Figure 1. Spectral reflectance for all Amaranthus palmeri (PA) and Digitaria sanguinalis (LC) densities with (SB) and without soybean at the Horticultural Crops Research Station, Clinton, NC, 2016. Bare ground (No SB BG) and weed-free soybean (SB WF) were grouped by weeks after planting (WAP).
Figure 2. Spectral reflectance for all Amaranthus palmeri (PA) and Digitaria sanguinalis (LC) densities with (SB) and without soybean at the Horticultural Crops Research Station, Clinton, NC, 2017. Bare ground (No SB BG) and weed-free soybean (SB WF) were grouped by weeks after planting (WAP).
Other spectral differences in 2016 were seen at 4, 7, and 11 WAP and were confined to spectral reflectance and absorption magnitude differences in the VIS (Figure 1). This was due to the inclusion of the bare-ground treatment, for which differences were observed in spectral magnitude in the VIS and SWIR1 and SWIR2. In 2017, however, differences were seen across the VIS and both SWIR1 and SWIR2 from 3 WAP to 15 WAP. At 15 WAP, additional spectra of interest were noted in the NIR region (Figure 2). Early-season differentiation was not possible between weeds and bare ground at 2 and 3 WAP in 2016 and 3 WAP in 2017. At this time point, weeds are at an optimal stage for control using chemical or mechanical control measures due to their small size (<10 cm). During both years, there were differences in spectral magnitude that are associated with changes in the type (weed species vs. crop) and amount (weed density) of vegetation present. Furthermore, spectral reflectance curves were not constant between reading dates, as these curves change in magnitude and shape with changing plant phenology, crop presence, and weed species and density
Differentiation of Weed Species
In 2016, weed species could not be differentiated from one another regardless of species or weed density in the presence of soybean (Figure 3). Soybean reduced weed biomass (Basinger et al. Reference Basinger, Jennings, Monks, Jordan, Everman, Hestir, Bertucci and Brownie2019), which could have affected the ability to have spectral differences between both weed species and weed density. Similar results were seen without soybean present; only a few spectra in the blue range at 5 WAP showed differences between weed species (Figure 4). When compared with bare ground, all of the plots containing weeds at any density had greater absorbance in the blue region. The blue region of the spectrum is associated with greater amounts of chlorophyll a and chlorophyll b as well as β-carotene (Jensen Reference Jensen2006; Mahlein et al. Reference Mahlein, Hammersley, Oerke, Dhene, Goldbach and Grieve2015), which would not be present in a plot with no vegetation. In 2017, results showed differences between weed species with soybean in blue spectra at 4 WAP and in the VIS and SWIR2 at 15 WAP (Figure 5). Differences in SWIR2 could be related to leaf water content or caused by competition within and between species, as greater reflectance could be a result of lower relative water content (Carter Reference Carter1991). Without soybean present, differences between species were detected across more spectra in the VIS at 3 to 15 WAP and in the SWIR1 and SWIR2 at 8 to 15 WAP (Figure 6). These late-season differences in the SWIR regions are tied to differences between the bare-ground plots and weed species and density due to the increased presence of foliage.

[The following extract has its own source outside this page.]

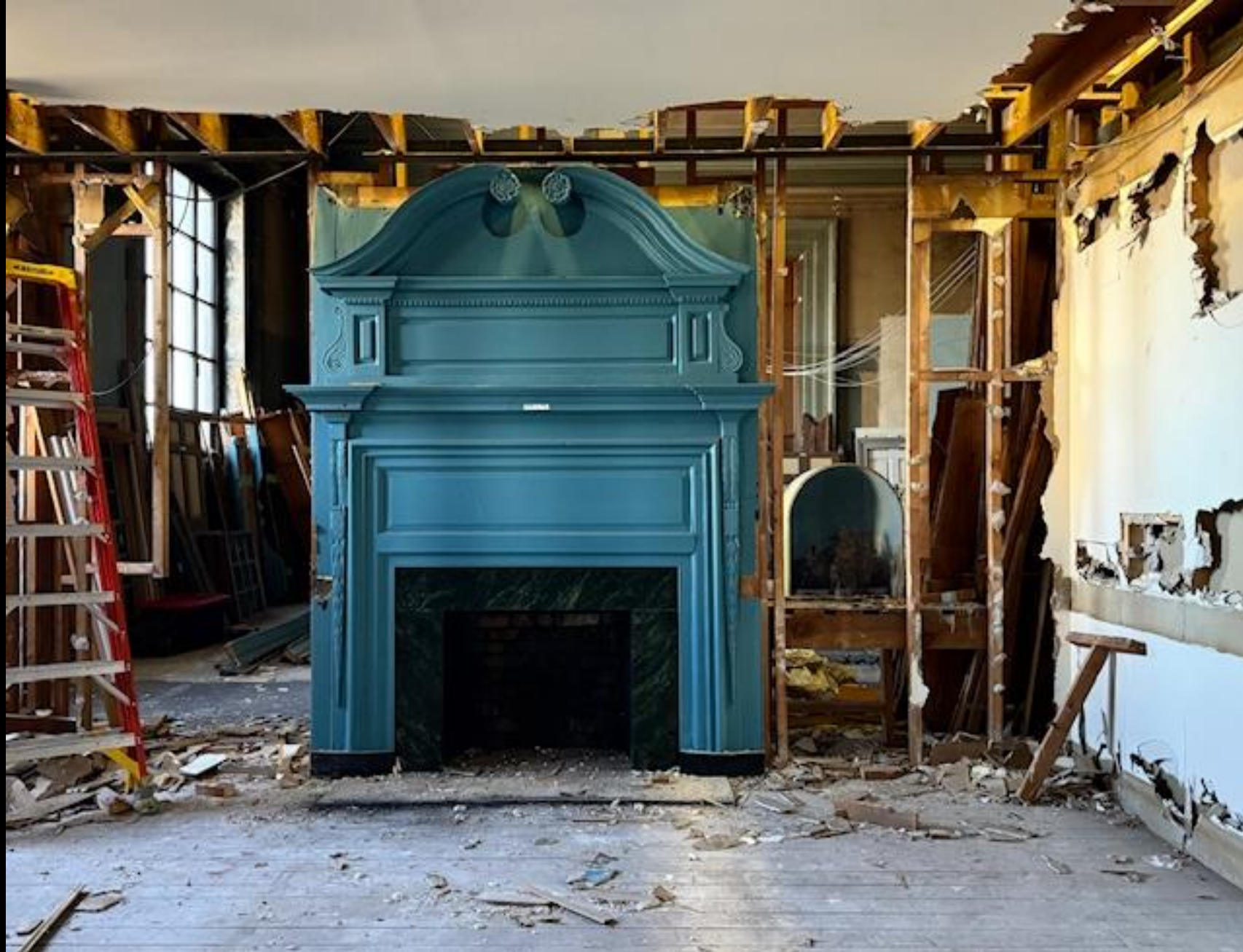
Cupola House Woodwork Project

Figure 3. Spectral reflectance for all Amaranthus palmeri (PA) and Digitaria sanguinalis (LC) densities with soybean (SB) and a weed-free control (SB WF), grouped by weeks after planting (WAP), at the Horticultural Crops Research Station, Clinton, NC, 2016.
Figure 4. Spectral reflectance for all Amaranthus palmeri (PA) and Digitaria sanguinalis (LC) densities without soybean as a bare-ground control (No SB) grouped by weeks after planting (WAP), at the Horticultural Crops Research Station, Clinton, NC, 2016.
Figure 5. Spectral reflectance for all Amaranthus palmeri (PA) and Digitaria sanguinalis (LC) densities with soybean (SB) and a weed-free control (SB WF), grouped by weeks after planting (WAP), at the Horticultural Crops Research Station, Clinton, NC, 2017.
Figure 6. Spectral reflectance for all Amaranthus palmeri (PA) and Digitaria sanguinalis (LC) densities without soybean as a bare-ground control (No SB BG) grouped by weeks after planting (WAP), at the Horticultural Crops Research Station, Clinton, NC, 2017.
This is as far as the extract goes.